The hotel arranged our transportation to the park, and then dropped us off, planning to come back and get us about 12:30pm (the drop off was at about 9:15). Oh, plenty of time – maybe too much we’re thinking… Well, it wasn’t too much. The walk was quite strenuous…walking across the suspended bridges was a breeze compared to hiking up the mountains and down the mountains on very rocky and uneven trails. There were steps, but I am not sure if it made things easier or worse.

We didn’t see any animals, which was the big disappointment for me. We could hear plenty of birds and insects, but we saw nary a one. The vegetation was very thick in most places, but even the shade didn’t mitigate the heat very much and we stopped as often to cool down as we did to rest. When we finally arrived at the “mirador” where there was nothing but views and warm bottled water, we decided that Marshall and Juanita would take a truck back to the base. I wanted to continue since it was all downhill from there and I still had hopes of seeing something. Gerry accompanied me. Juanita and Marshall probably would have been better off staying with us as they had to descend a leaf covered trail that was quite treacherous to get to the pick-up point, and we had one last suspension bridge and then steps down, down, down to a nice road that is used for those who opt to go through on horseback. We saw almost no wildlife – just a pair of woodpeckers and a horse in a field.

Back at the main entrance, Marshall, Juanita and Gerry each had a beer and we laughed at the monkey who was in the dining room up on the rafters. Apparently, he is well-known to the people who work there and is well-known for being misbehaved. He lives on a little island about 100 yards from the visitors’ center, and was chased back there and assisted across the moat with a wooden plank bridge that had obviously been used many times before for the same purpose. Both monkey and employee seemed to know the drill by heart!

Back in civilization, we cleaned up and went to Capitan Tortuga for lunch – pizzas and beer! Then it was naptime (need I say again that the heat here is incredibly draining!). Juanita took off for an adventure of her own to have her hair done is Santa Elena via tuk-tuk! The hairdresser actually came to Flores via tuk-tuk to pick her up! All in all, tuk-tuks included, she spent less than $7. Can you beat that?

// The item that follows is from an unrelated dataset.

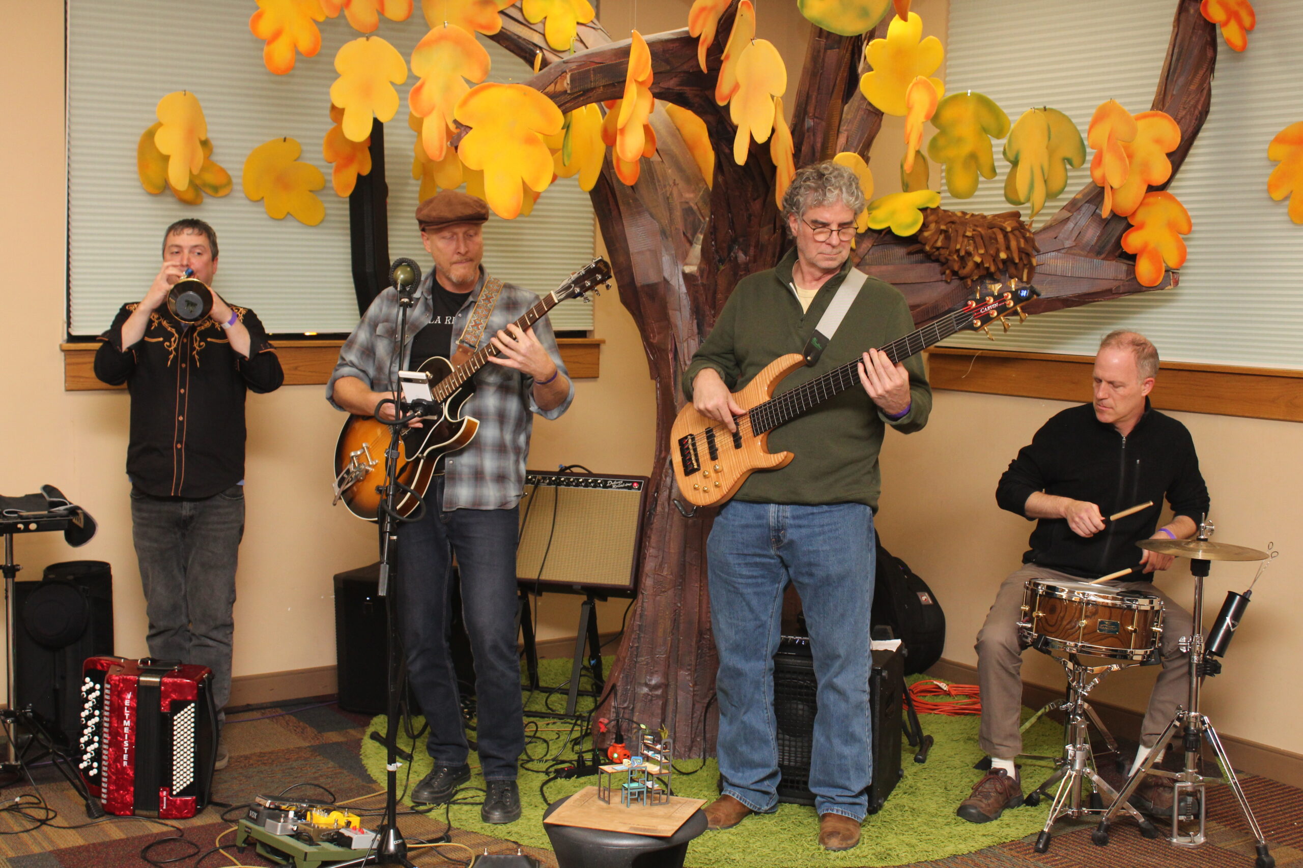 It was clear enthusiasm for the event was high when seventeen bands applied for the six spots available. Three judges (including Jason) used a rubric to select which bands or musicians would ultimately perform at the event, and preference was given to local bands. All different types of music made the cut, including a pianist, a pump organ player, and a jazz and funk group to name a few. Information about each of the performing artists is available on Estes Valley Library’s Tracks & Stacks webpage. When asked what he thought motivated the artists to participate, Jason explained that the Tiny Desk submission video was likely a driving factor for some, but the unique venue and getting “to make noise in the library” was also a draw. Shari shared a similar sentiment. Saying, with a smile on her face, “It feels a little bit rebellious to be playing loud music in the library.”

Our evening’s entertainment involved a bottle of wine and a boat ride on the lake at sunset. Sound nice? It was. Our boat driver was very informative and we really enjoyed the sightseeing around the lake. The water was very calm and the air out on the lake was cooler (note: not cool) and refreshing. The driver dropped us off mid-bridge and we walked to the Santa Elena side to try Pollo Campero (the local version of KFC – now in 28 countries!) I hate to say it, but it was one of the best meals we have had in Guatemala – the food here has not been very good (and I remember that from my first trip here too). We have had really good food, but always in very exclusive restaurants, ie Casa Santa Domingo and Meson Panza Verde in Antigua.

After Pollo Campero we walked back across the bridge to Flores, stopping in the middle to get Ice Cream from Sarita – purported to be great ice cream. It was! But it melted so fast in the heat, that we really had to eat it fast! Once again an early evening, Marshall and Juanita are leaving at 7:00 in the morning.